The video is out. Finally. After long attempts to sweep it under the rug failed.
This Sun-Times editorial provides good background.
It’s a bad shooting. (Though honestly I was expecting even worse, like an unarmed rationally behaving victim.) The mayor (now, at least) and the police chief have said the officer is at fault.
The officer who killed McDonald fits the pattern of bad cops: high activity, drug work, too many complaints. Sure, all the complaints weren’t justified, but some of them were. And undoubtedly he did a lot of bad shit that people didn’t file formal complaints about.
From the Washington Post:
The allegations against Van Dyke include 10 complaints of excessive force, including two incidents where he allegedly used a firearm, causing injury. He was also accused of improper searches and making racially or ethnically biased remarks. Four of the allegations were proven factual, but Van Dyke’s actions were deemed lawful and appropriate. In most of the other cases, there was either not enough evidence to prove or disprove the complaint or the allegation was proven unfounded.
…
The data shows that it’s rare for any officers to be penalized, and white officers were half as likely as black ones to be disciplined for a complaint.
…
Apparent repeat offenders — officers with more than 10 complaints against them — represented 30 percent of all complaints, even though they made up only 10 percent of the police force.
…
That distinction [the most complained-about officer] goes to Jerome Finnigan, the subject of 68 citizen complaints in nearly two decades with the Chicago Police Department; none of the allegations resulted in disciplinary action.
In 2011, Finnigan was convicted of robbing criminal suspects while serving on an elite force and ordering a hit on a cop he thought might turn him in. At his sentencing, Finnigan admitted to having become “a corrupt police officer,” according to the Chicago Tribune. But he said the police department was aware, and for many years did nothing.
“My bosses knew what I was doing out there,” he said, “and it went on and on. And this wasn’t the exception to the rule. This was the rule.”
68 complaints and a criminal conviction and no disciplinary action?! That is rotten.
So this cop shows up on a scene and, rather than doing nothing, gets out of his car, puts himself almost in harm’s way, and kills this guy.
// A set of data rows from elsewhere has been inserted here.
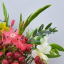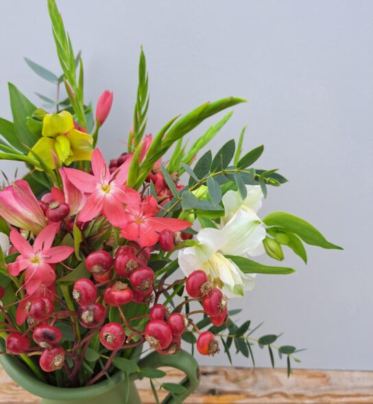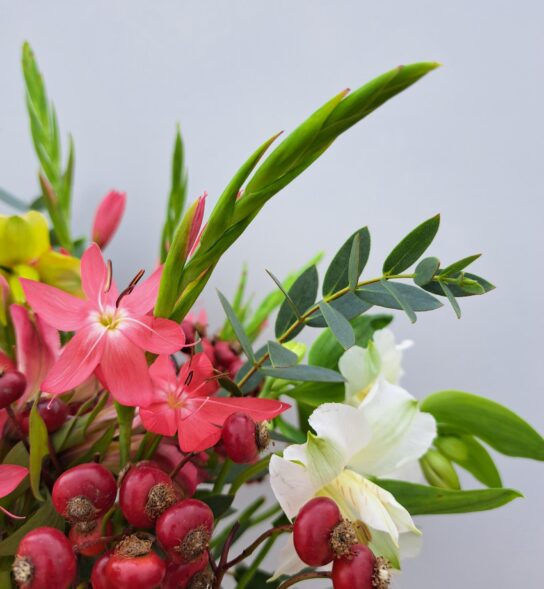 The Alstroemeria will be in mixed colours, the River Lily open up to reveal beautiful corally pink star shaped flowers and the Rosehips will bring some beautiful autumnal charm to the bouquet.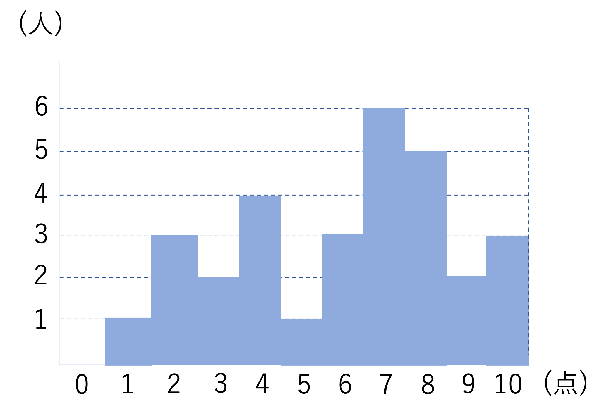 下の帯グラフは,あるクラスでおこなった10点満点のテストの結果を表したものです。次の問いに答えなさい。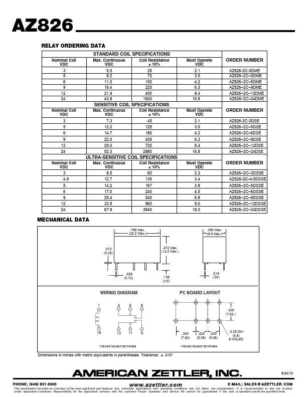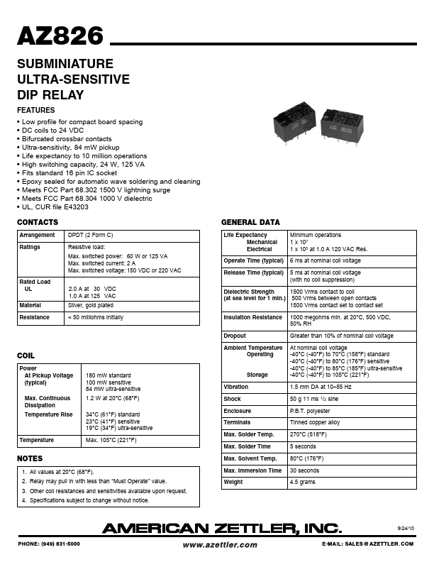 AZ826 SUBMINIATURE ULTRA-SENSITIVE DIP RELAY.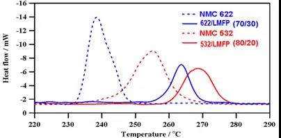 三元+LMFP的作法已被許多電池廠認(rèn)證,三元混摻20%~30%LMFP的復(fù)合材料與純?nèi)牧舷啾?,熱分解溫度提?~10%且放熱量降低40~60%(如圖一所示),證實(shí)可從材料的本質(zhì)徹底解決三元一直以來存在的安全問題,動(dòng)力電池產(chǎn)業(yè)如今要從523轉(zhuǎn)向安全疑慮更高的622及811,若只靠政策的松綁,終究是不能解決安全的問題。此問題一日未解,始終會(huì)是一顆未爆彈,SONY、三星的慘痛代價(jià)仍記憶猶新,作為企業(yè)的領(lǐng)導(dǎo)者不得不謹(jǐn)慎以對(duì)。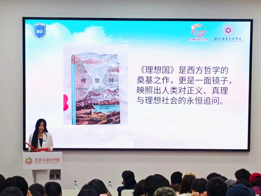 太阳成tyc33455ccwww员工会的位豫彤率先登场,她手持《理想国》,以苏格拉底式的追问开场,将柏拉图构建的哲学城邦徐徐展开。她通过剖析正义、美德与政治的辩证关系,结合当下社会热点议题,引导同学们思考理想社会的构建路径,深邃的思想火花在教室中迸发。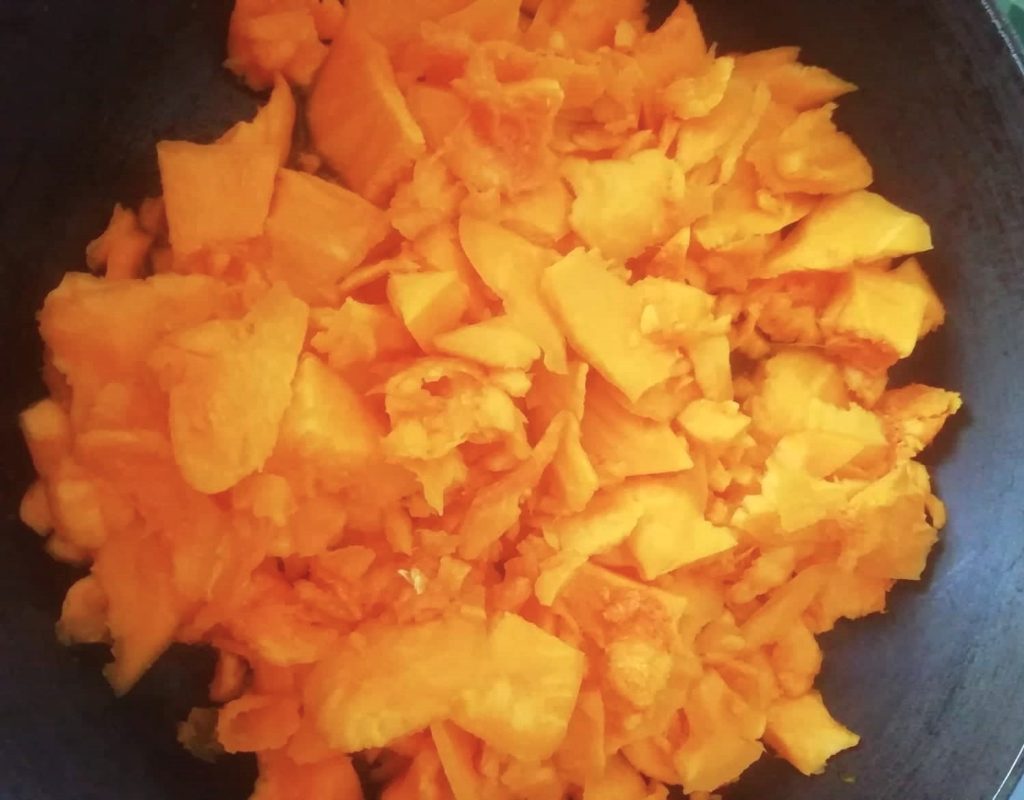 • Snijd 500 gram pulp uit de pompoen, snijd het in kleine stukjes en zet het in een pan met het water.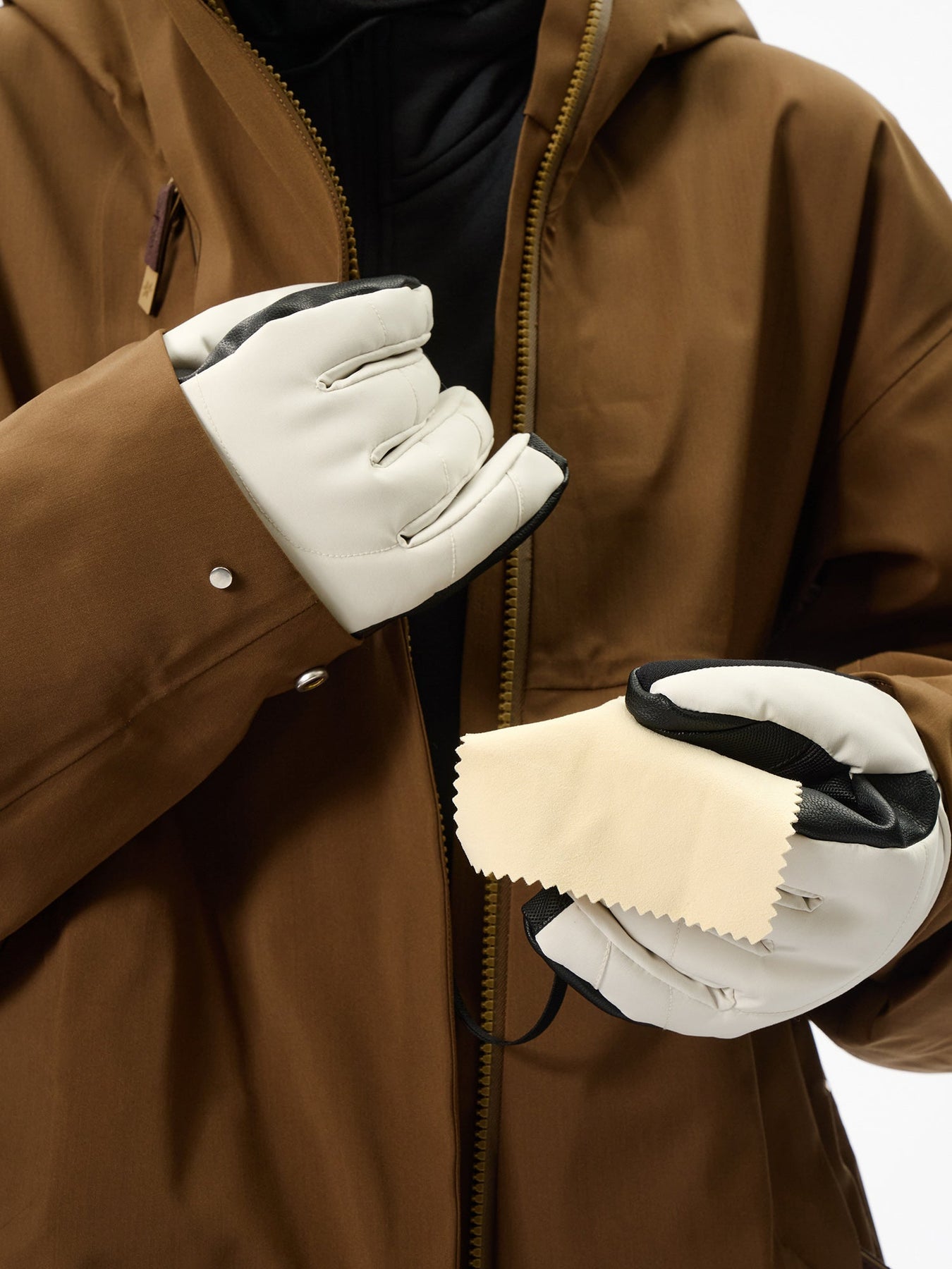 <겉감> 울 40%, 폴리에스터 29%, 나일론 26%, 스판덱스 5% (코팅 또는 기타 수지가공)
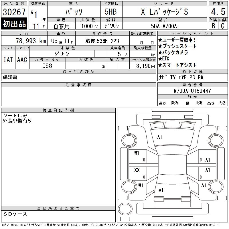 TOYOTA PASSO X L PACKAGE S - лот 30267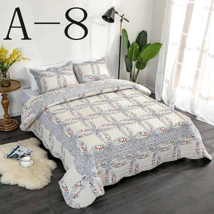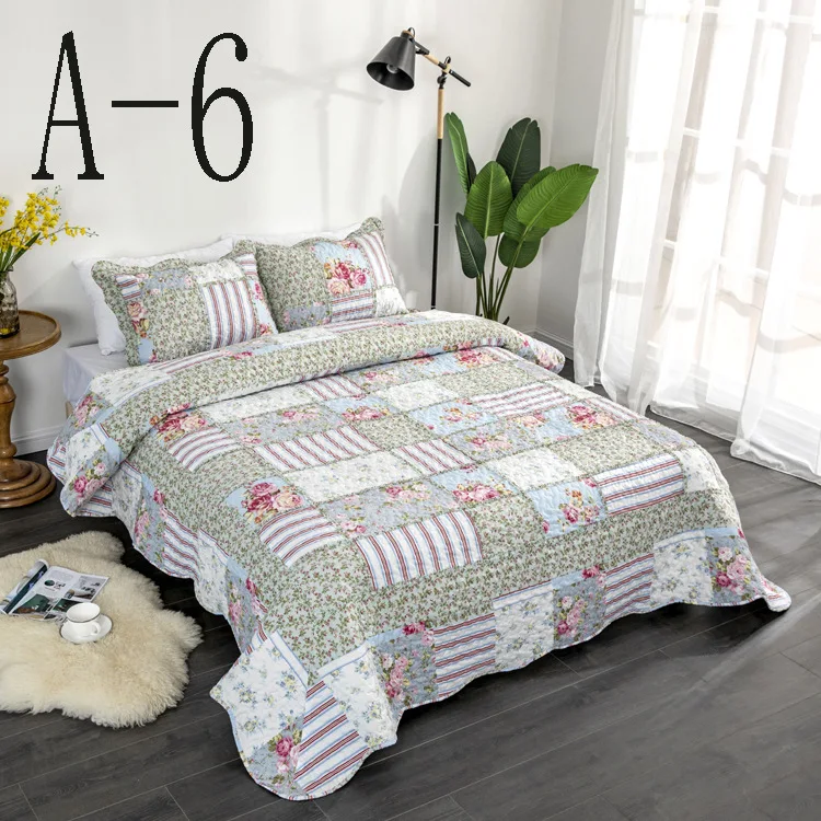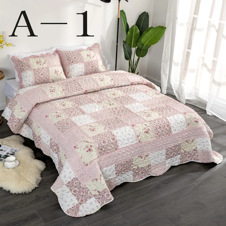 Description | Floral Printed Patchwork 3PCS Bedding Set with Ruffles Bedspread Quilt | ||||

And then keeps firing. Fires 16 shots. No other cop saw a need to shoot. Because there was no need to shoot. You contain, retreat, or make do. Then you tase this guy. Or what about having shields and a straight baton?
Anyway, will Chicago riot like Baltimore? No. For two reasons. First of all there is now legal accountability. That’s the way the system is supposed to work. You murder somebody? You face justice. Second, unlike Baltimore Mayor Rawlings-Blake and former Police Commissioner Batts, the political and police leadership in Chicago have a minimum level of basic competency.